Mountain trip gives teacher lessons in history, biology

Published 11:59 pm Friday, July 10, 2009

I could hardly sleep on Saturday night of June 13th, anticipating our vacation trip to the mountains starting the next day. I awoke early and finished all the packing details of camping in our 25-foot travel trailer within Cades Cove of the Great Smoky Mountains for a week. There are no utilities in the park for campers, so you have to carefully plan. Being seasoned campers, the Sassers have long had a checklist, so I review the list one more time.

Townsend, Tenn., is a day’s drive from south Alabama and we left early, stopping only to eat lunch and make a quick trip to Camping World in Chattanooga to pick up a generator adaptor. The weather cooperated, allowing us to leave the windows down in the truck all the way to our campsite. We stopped at the Little River Village deli where our friends Mickey and Martha Watson once worked while living here, and picked up some delicious fried chicken for dinner. We noticed that things were as usual at the Townsend “Y,” the convergence of two rivers just past the park entrance. This is “the beach” of Townsend where you most often can find aqua shoe and swimming suit-clad tourists and locals alike rafting and swimming in the cold waters of the river. Many simply lay on the grassy hill near the rocky-bottomed river, soaking in the sun’s rays for that desired tan. We drove on and made the 15-minute winding ride to Cades Cove and registered with the camp authorities. After quickly setting up camp in the generators-allowed section, we hopped in the truck and make the first of many trips around the 11-mile loop.
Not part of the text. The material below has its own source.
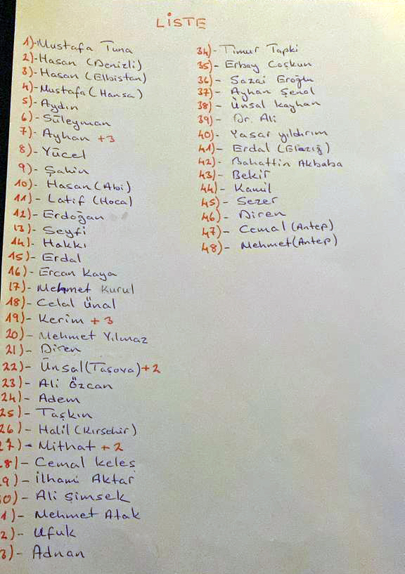 İşte katılımcılardan bazıları; Mustafa Tuna, Hasan Akın, Hasan Eldeniz, Mustafa (Hansa), Aydın, Süleyman Çetin,  Ayhan Oban, Yücel,  Şahin Saray,  Hasan (Abi),  Dr Latif Durlanık (Hamburg Üniversitesi öğretim görevlisi),  Erdoğan Bayram,  Seyfi Yıldız ( Kasabalı),  Hakkı Atakay,  Erdal Aydın,  Ercan Kaya,  Mehmet Kurul,  Celal Ünal,  Kerim Kılıç, Mehmet Yılmaz,  Diren,  Ünsal (Taşova),  Ali Özcan,  Adem,  Taşkın,  Halil ( Mannesman),  Mithat Döngel,  Cemal Keles,  İlhami Aktar,  Ali Şimşek,  Ufuk, Adnan, Timur Tapki,  Erbay Coşkun, Sezai Eroğlu, Ayhan Şenol  (T.A.S werkstat sahipleri), Ünsal Kayhan, Baytar Ali,  Aintin Raif,  Yasar Yıldırım Erdal (Elazığ), Bahattin Akbaba, Bekir, Kamil, Sezer, Diren,  Cemal (Antep), Mehmet Killi (TAS werkstat), Mehmet Atak.

It was nearly dusk and we knew that the deer and bears were waiting for us. Little did we realize, but everyone else in Tennessee had the same idea that Sunday evening. Amidst a major traffic jam, our first adventure took us three hours to go around the one-way loop, but we were thrilled to see six bears, too many deer to count, and wild turkey. The week carried on with more bear sightings, shopping excursions and wonderful food.

There were many adventures to talk about and as we prepared for our departure home on Friday morning, I was reminded of so many biology lessons I’ve taught for 19 years. Prescribed burnings in the park promise regrowth of native plants, helping to rid the area of undesired exotic species. Evergreen and deciduous tree seedlings abound the countryside, replacing the old growth and retaining the climax community of this temperate forest. Competition of species for survival is demonstrated by the fauna and flora of the area, populations fluctuating from year to year according to the needs and numbers of other populations: oak trees struggling to survive with deer eating their seedlings; deer struggling to survive due to the low nutrient fescue grass native to the cove; trees struggling to survive the ravages of fungus and pest insects; and bears struggling to survive amidst acorn crop failures over the years.

A trip to the Great Smoky Mountains is a lesson in biology and history that no one should miss.